-- DESCRIPTION OF THE TASK --
Starting with the line below that holds "Dem Lehrer Friedrich" and stopping after the line that holds "Second edition in", transcribe the lines exactly, leaving out all pictures.

-- INPUT RECORDS --
=== Begin Enclosure ===

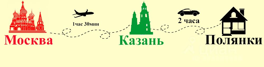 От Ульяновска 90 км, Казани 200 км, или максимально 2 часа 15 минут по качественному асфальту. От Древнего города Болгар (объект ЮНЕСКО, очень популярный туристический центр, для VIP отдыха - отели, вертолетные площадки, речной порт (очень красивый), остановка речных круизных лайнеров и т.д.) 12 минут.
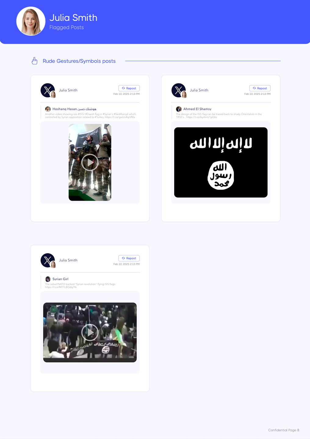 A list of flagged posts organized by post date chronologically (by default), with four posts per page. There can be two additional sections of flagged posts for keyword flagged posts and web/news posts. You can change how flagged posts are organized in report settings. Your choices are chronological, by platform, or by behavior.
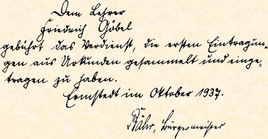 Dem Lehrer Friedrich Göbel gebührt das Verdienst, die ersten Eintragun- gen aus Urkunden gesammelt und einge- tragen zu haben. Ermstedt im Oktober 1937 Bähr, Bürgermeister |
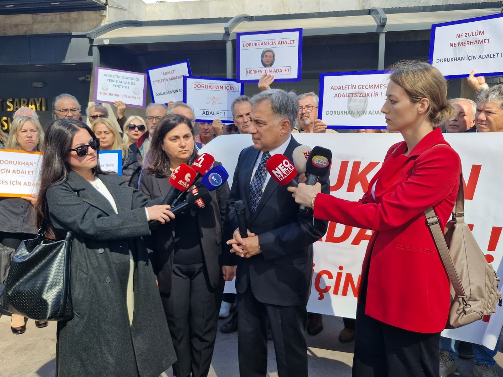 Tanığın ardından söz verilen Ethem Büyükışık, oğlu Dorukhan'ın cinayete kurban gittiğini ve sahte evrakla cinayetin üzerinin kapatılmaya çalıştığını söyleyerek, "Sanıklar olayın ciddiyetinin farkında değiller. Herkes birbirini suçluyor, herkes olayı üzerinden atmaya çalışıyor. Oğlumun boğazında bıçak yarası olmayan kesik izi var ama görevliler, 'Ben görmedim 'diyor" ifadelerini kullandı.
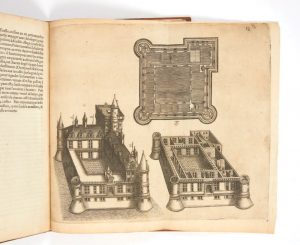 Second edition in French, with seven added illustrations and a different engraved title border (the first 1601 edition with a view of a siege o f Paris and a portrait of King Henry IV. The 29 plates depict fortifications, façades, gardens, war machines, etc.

=== End Enclosure ===
=== Begin Enclosure ===

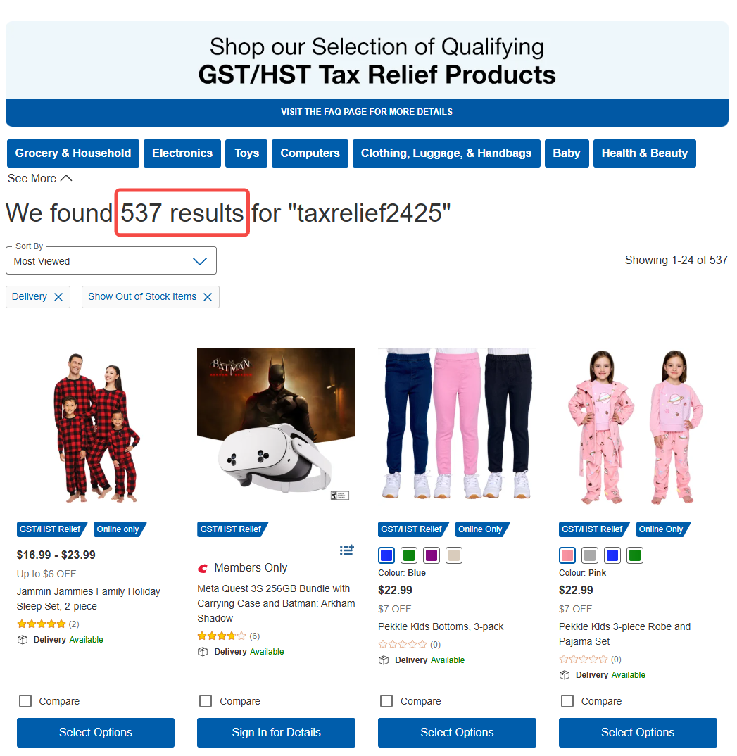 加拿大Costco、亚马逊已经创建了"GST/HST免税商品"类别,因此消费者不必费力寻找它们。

=== End Enclosure ===
=== Begin Enclosure ===

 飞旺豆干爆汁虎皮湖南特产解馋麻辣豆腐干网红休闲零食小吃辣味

=== End Enclosure ===

-- EXPECTED OUTPUT --
 Dem Lehrer Friedrich Göbel gebührt das Verdienst, die ersten Eintragun- gen aus Urkunden gesammelt und einge- tragen zu haben. Ermstedt im Oktober 1937 Bähr, Bürgermeister |
 Tanığın ardından söz verilen Ethem Büyükışık, oğlu Dorukhan'ın cinayete kurban gittiğini ve sahte evrakla cinayetin üzerinin kapatılmaya çalıştığını söyleyerek, "Sanıklar olayın ciddiyetinin farkında değiller. Herkes birbirini suçluyor, herkes olayı üzerinden atmaya çalışıyor. Oğlumun boğazında bıçak yarası olmayan kesik izi var ama görevliler, 'Ben görmedim 'diyor" ifadelerini kullandı.
 Second edition in French, with seven added illustrations and a different engraved title border (the first 1601 edition with a view of a siege o f Paris and a portrait of King Henry IV. The 29 plates depict fortifications, façades, gardens, war machines, etc.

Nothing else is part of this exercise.